Reconocí a mi mujer y mis hijas, pero cuando intentaba hablar solo conseguía balbucear cosas sin sentido. Como me agité me
dieron explicaciones y me pidieron paciencia para conseguir recuperarme, y que
empleara todas mis energías en la rehabilitación. A los varios días apareció
una joven que dijo llamarse Cándida y que se ocuparía de mi fisioterapia. Le
miré como si usara signo de comprensión
y asentimiento y me sonrió. Levantó el brazo derecho y me pareció que levantaba
el de alguien ajeno, cayo inerte junto a mi cuerpo. Con la pierna derecha paso
igual, no conseguía reconocerla como mía y no tenía actividad alguna. Mi lado
izquierdo no parecía tener deficiencia alguna, cuando le miraba le reconocía
como mi mano de siempre y se movía cuando se lo pedía, eso si realizando un
esfuerzo con mi mente.
Dos horas más
tarde apareció un señor mayor que dijo ser logopeda, no me gusto porque mascaba
chicle y comenzó con bastante desgana a pedir que dijera el abecedario, como si
fuera un niño pequeño, por más que lo intenté no conseguí articular palabra. Se
fue cuando le miré con los ojos de “vete a hacer puñetas”
La tarde estaba
dedicada a mi familia, que se sentaban y cuchicheaban, me imagino cosas de sus
vidas llenas de esperanzas. Usando mi mano izquierda hice señas para conseguir
papel y lápiz, pero solo al final me prometieron traer una pizarra de cuando
eran jóvenes y les enseñaba las letras.
Aquella noche
sentí escalofríos y me invadió un terrible pesar. Cuando llego Cándida en la
mañana siguiente, le miré con los ojos de tristeza y me entendió. Se sentó
junto a mí y me dio papel y lápiz. No tenía práctica y me costó colocar alguna
palabra, pero le escribí “Ayúdame” Sonrió y me tocó la mano con cariño, después
muy en su papel comenzó a moverme mi absurdo
lado derecho del cuerpo, y todo seguía igual, el antebrazo doblado sobre
un codo muy rígido y los dedos cada cual por su lado señalando las direcciones
del espacio. Ante mi especial desmotivación
me propuso ir al gimnasio el día siguiente, para comenzar a levantarme y ver las cosas de forma distintas, se lo
agradecí y paso otro día con logopedas, visitas, familia y quizás deudores.

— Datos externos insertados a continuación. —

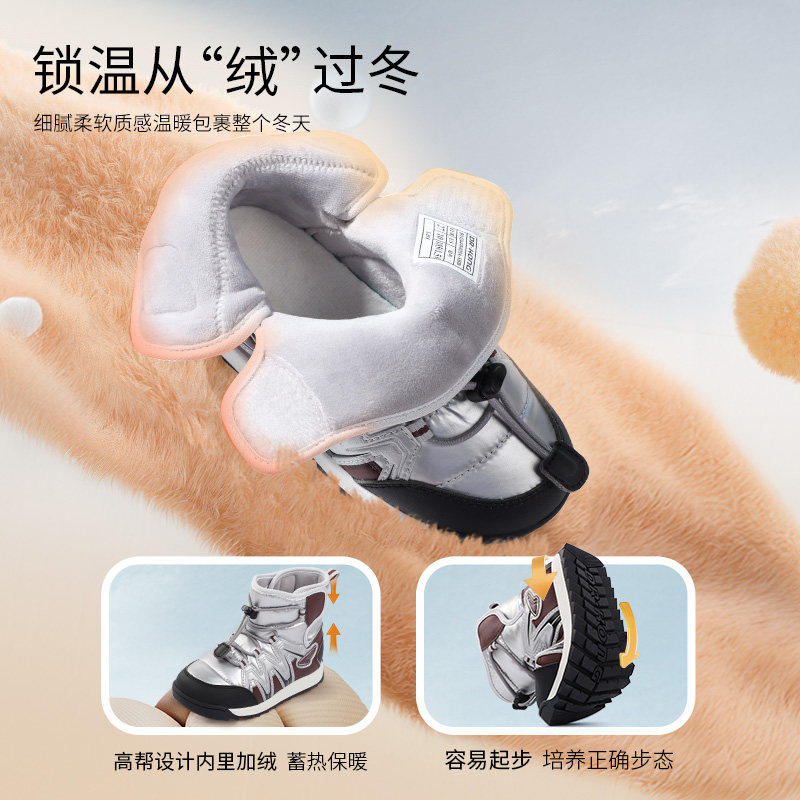 冬季新款男女童加绒保暖耐磨儿童运动靴防溅水拼色学步稳步鞋

Estando al fin solo, pude centrarme en escribir algunas notas, cuando mi mujer
vino a última hora de la tarde-noche se lo enseñé. Le pedía me ayudara a bien morir,
no quería vivir con esta severa limitación y dependiente todo lo que viviera de
ayuda ajena. Con mucha paciencia me pidió comprensión para con toda la familia,
que no fuera egoísta y que seguro me recuperaría lo suficiente para tener
independencia. Que había hablado con los bancos y que había liberado nuestros
dineros y que disponiendo de él y con su gestión, seguro que no tendrían
dificultades. Negué con la cabeza y señalé el papel, quería que entendiera que
yo quería evitar pasar por todo este calvario. Me contentó con unos “cariños”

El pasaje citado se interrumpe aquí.